That’s according to some new research by Royal Holloway University, which reckons that common people like me just ain’t posh enough to get into supposedly middle-class professions such as law and accountancy.
I think that’s pretty ironic since they’re not interested in what comes out of my mouth or any amount of aptitude I might have for these occupations, but they have a completely different attitude towards what’s in my wallet!
Carried out by the university on behalf of the Social Mobility and Child Poverty Commission, the study reveals a stark truth about the social divisions that are being perpetuated by some employers, knock the wind out of the sails of some aspirational young people and, ultimately, damage our economy by discounting talented candidates before they even have a chance to apply.

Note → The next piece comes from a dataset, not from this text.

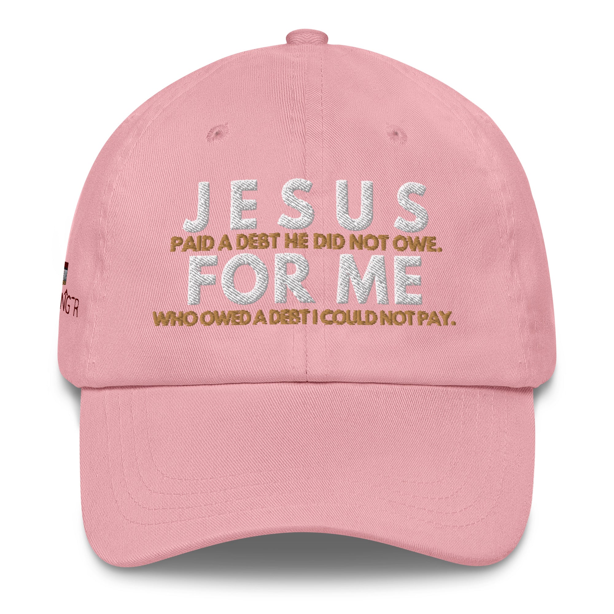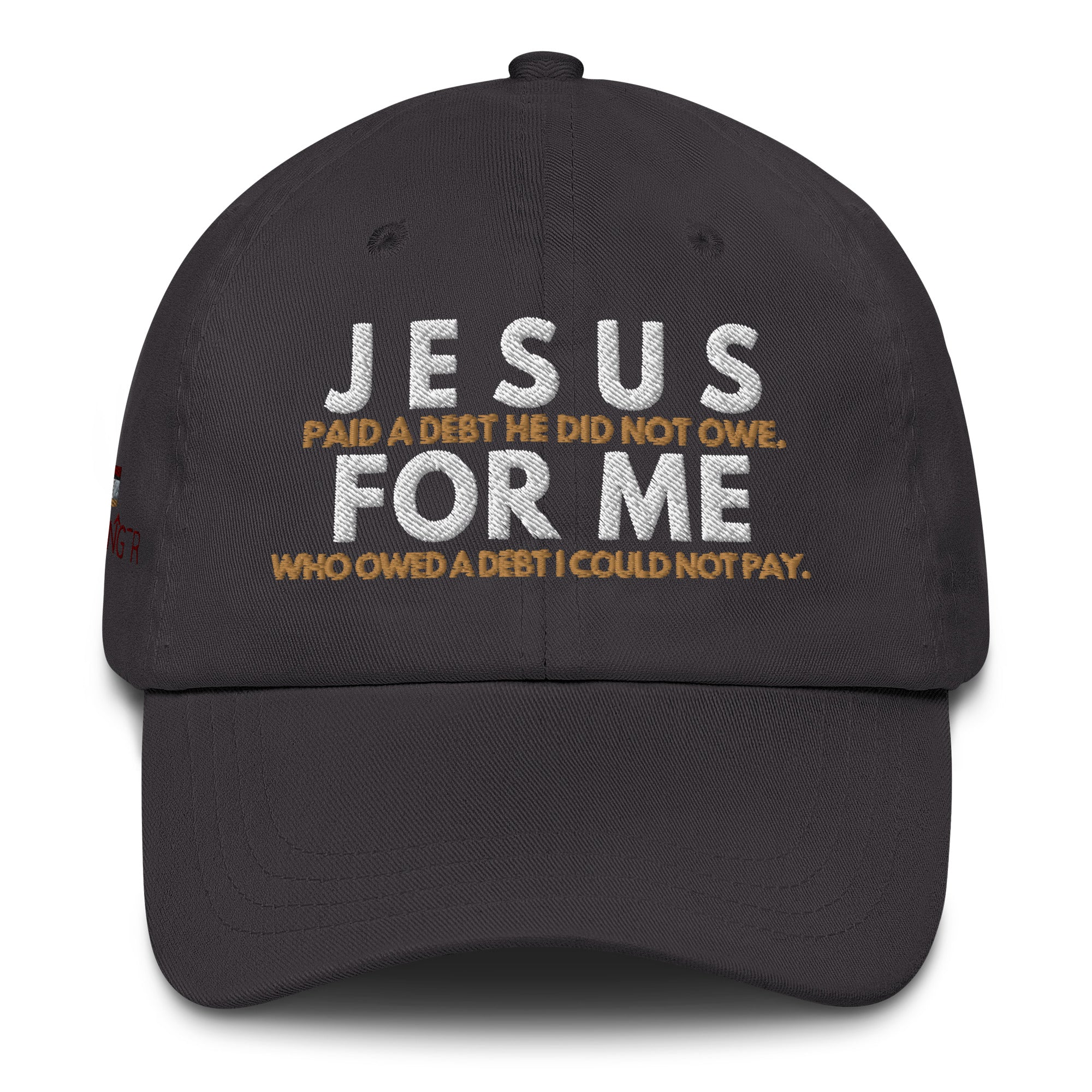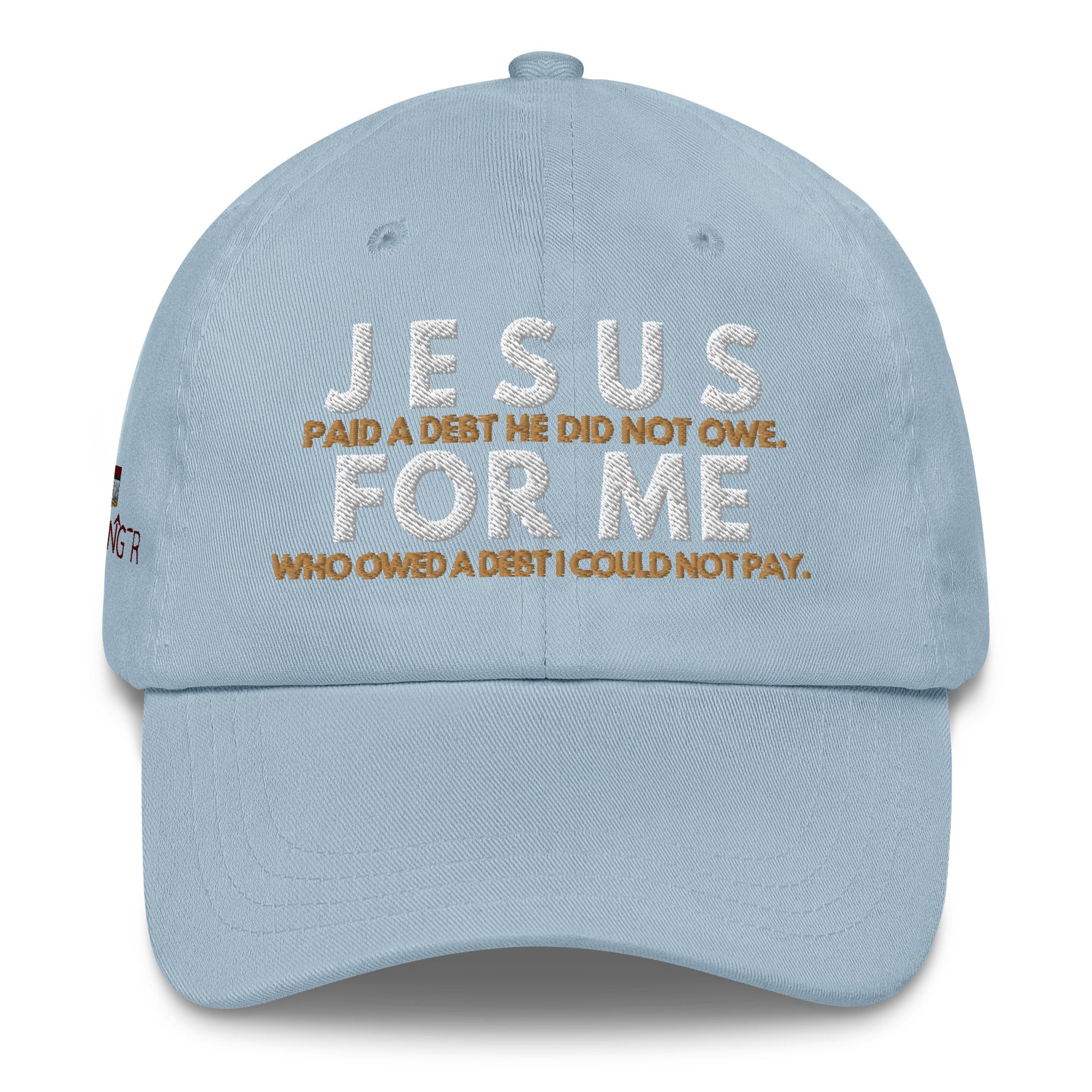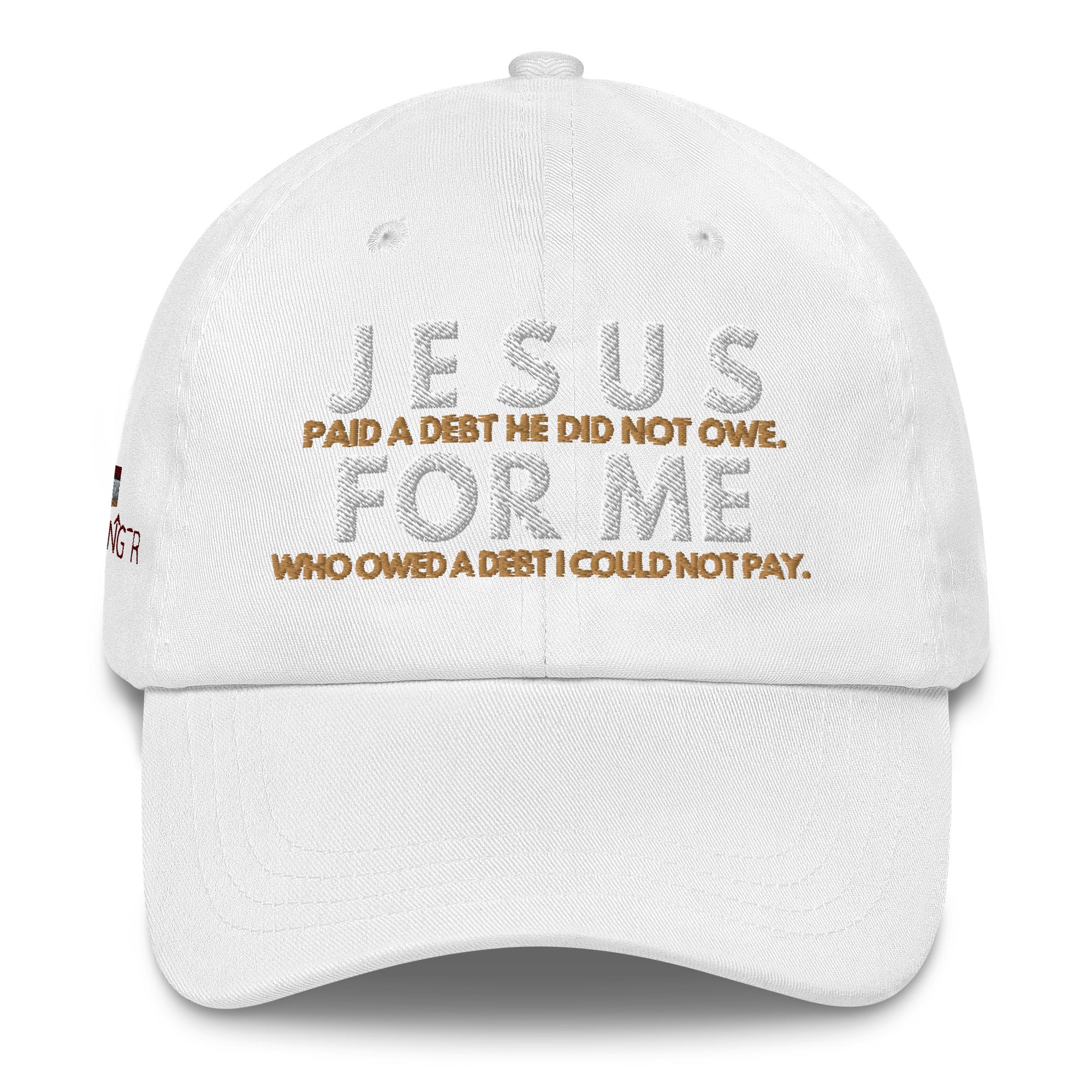 Proudly display your faith with our elegant and exclusive JESUS FOR ME - DAD HAT. Embrace the timeless message of The Gospel while exuding sophistication and style. Made with premium materials and designed with taste in mind, this hat is the perfect addition to any fashion-forward wardrobe. Share your beliefs in a subtle yet powerful way with this must-have accessory.

The study found that, despite attempts to improve social inclusion over the past 10 to 15 years, elite firms continue to be heavily dominated by people from privileged social backgrounds. And that such firms are, ‘systematically excluding bright working-class applicants’ from their workforces.
Not a week goes past when I don’t get a dozen emails and phone calls from financial consultants, lawyers, accountants, and other well-spoken spivs trying to relieve me of some of my hard-earned cash.
Usually my attitude to this kind of thing is to ignore it and stick to my mantra that if you work hard in whatever you do you will succeed. But listen to the Public School accents floating across City bars and restaurants of a lunchtime and evidence that this isn’t exactly true is in abundance for all to hear.
Don’t get me wrong, I have no beef with people whose families can afford £30,000 a year per child to go to the right school; quite the opposite in fact. I believe in aspiration. But something has got to be rotten when we preach equality so publicly, but in private commit such terrible prejudices, and compound them, generation after generation.
And that brings me onto my most hated ‘Blairite’ policy of ‘university at all costs’, where good kids were brainwashed into believing that university would lead to a good job and career, by the same people who, once they graduated, blocked them from getting the very jobs they had dangled in front of them in the first place.
Sometimes it’s hard to believe we live in a meritocracy!